February 4, 2007

Unaltered Becket as a foundry furnace burner!
Ronald E. Thompson
Copyright 2007, all rights reserved

This page decribes melting aluminum using a Becket gun style furnace burner designed to burn kerosene.

This furnace was designed to use a naturally aspirated (no blower) propane burner, and it works very well for that. It is too small for this oil burner, as evidenced by the wet area in the top picture.  In this experiment, I just propped the burner in place and pointed it into the existing burner hole. Once I got it lined up properly, it went very well.

Misalignment caused the wet places, above.

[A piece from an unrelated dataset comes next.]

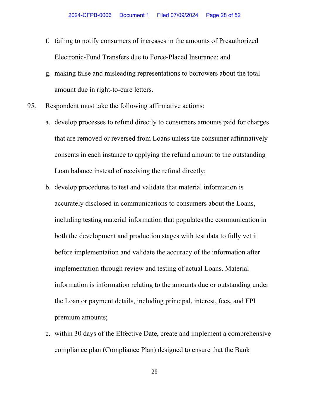 28 f. failing to notify consumers of increases in the amounts of Preauthorized Electronic-Fund Transfers due to Force-Placed Insurance; and g. making false and misleading representations to borrowers about the total amount due in right-to-cure letters. 95. Respondent must take the following affirmative actions: a. develop processes to refund directly to consumers amounts paid for charges that are removed or reversed from Loans unless the consumer affirmatively consents in each instance to applying the refund amount to the outstanding Loan balance instead of receiving the refund directly; b. develop procedures to test and validate that material information is accurately disclosed in communications to consumers about the Loans, including testing material information that populates the communication in both the development and production stages with test data to fully vet it before implementation and validate the accuracy of the information after implementation through review and testing of actual Loans. Material information is information relating to the amounts due or outstanding under the Loan or payment details, including principal, interest, fees, and FPI premium amounts; c. within 30 days of the Effective Date, create and implement a comprehensive compliance plan (Compliance Plan) designed to ensure that the Bank 2024-CFPB-0006 Document 1 Filed 07/09/2024 Page 28 of 52

This shows the weak burn due to not bleeding the pump.

I had received this burner from a reader of this site who was kind enough to donate this burner to help me with my waste oil burner quest. I just had to pay postage. What a deal! (Thanks again.)
When I first tried to use it, I had no fuel flow, turns out the nozzle was stopped up. It has such a fine hole, I wasn't able to clean it. Off to ebay and I ordered 2 new nozzles from Patriot supply. The old one was .75 GPH, so that is what I ordered. They come in hollow cone spray pattern or solid. I ordered one of each. The package says Delvan .75  80 degree A. (The other one ends in B.)

Today I finally got time to play with it. I installed the new nozzle. I chose the "A" because that was what was in it before. I hooked up the diesel fuel line and played with it until all visible air bubbles were out of it. I should have opened the bleeder to let the air out of the pump, but this is an experiment, after all. I wanted to see if it would bleed itself. It did, but it took a few minutes before it lit completely. No more than five minutes into all this and it was burning great. I had accomplished all I had set out to do for today, but the furnace was getting hot. And I mean HOT!

A little better alignment. More of the flame is now going into the furnace.

Well, with a hot furnace and time on my hands, I just had to melt something. I was afraid if I didn't put something in my steel pipe crucible, it would be what would melt.

Furnace still coming up to temperature. Crucible already starting to glow.

I put a piston in with the connecting rod still attached. No need to disassemble it with this much heat! Just melt it and fish out the iron.

This cast iron connecting rod was glowing bright red when I took it out of the crucible. You can still make out some of it near the large journal. The angle iron (bed rail) with the K-bond dams is my quick and dirty ingot mold.

It looked like there was quite a bit of aluminum still clinging to the wrist pin, but after it cooled I looked at it, and it is thin like aluminum foil.

This is my new furnace lid. I poured it several weeks ago, but this is it's first taste of the flame.

Plenty hot now!

This type of oil burner has a brilliant yellow, almost white hot flame. Don't let it fool you, though. This is way hotter than my propane burner ever was. I kept my propane burner on the tame side to prevent the steel pipe crucible from over heating. That is what causes scaling and limits the life of steel crucibles. There is no throttling back on this beast, though. The crucible scaled between melts!
Luckily, I have a larger furnace in the works for this bad boy, and a real clay graphite crucibe, but it's too large of this furnace's 8" bore.

The second of three pistons
to the massive heat. Just look at the crucible glow! It was hard to look at.

Here I put a piece of pipe under the 2X4 and got the alighnment a little better. See the flame out the top of the lid?

I still haven't figured out a good way to pour and take pictures at the same time, so here is the first ingot.

The K-bond dams work really well, considering they are just hand packed. They don't move and the aluminum doesn't pick up any loose sand.

Better view of the same ingot.

These ingots are about three feet long. I am going to have to take the time to make some decent ingot molds.

A better view of the handy dandy burner mount.

The fuel line used to be clear plastic tubing, but has discolored with time and exposure to old diesel fuel.

It was still light outside, but the flame is such a brilliant white, the camera automatically adjusted to give this shot.

In my haste to set the ingot mold back up, I neglected to level it.

I put the crucible back in the unlit furnace until the ingot cooled somewhat, and it was still hot enough to add to the ingot.

The furnace is still glowing after the double pour.

That's all of the pictures. I just want to say again how incredibly hot diesel fuel burns. I am just amazed.

All this is great if you don't mind paying for diesel fuel (or kerosene, aka HHO [home heatingoil]). If you watch where you buy it, you can get off road diesel fuel without having to pay the road taxes on it.

A note about smoke. In the pictures you can see a small amount of smoke. This was due to the bad alignment and the small burner hole in the furnace body. At no time was there a cloud of smoke. I feel that this smoke can be totally eliminated by useing a properly sized furnace and tuning the burner.

One of the great things about these burners is they just work. You plug it in (or flip a switch) and it lights and stays lit. Just like in today's experiment, more time is spent melting metal and way less futzing around with the burner.

Just as propane is a step above charcoal as a foundry fuel, oil is a step (or two or three!) above propane, in my opinion.

But diesel fuel is a stop over on the way to waste oil for me and this Becket oil burner.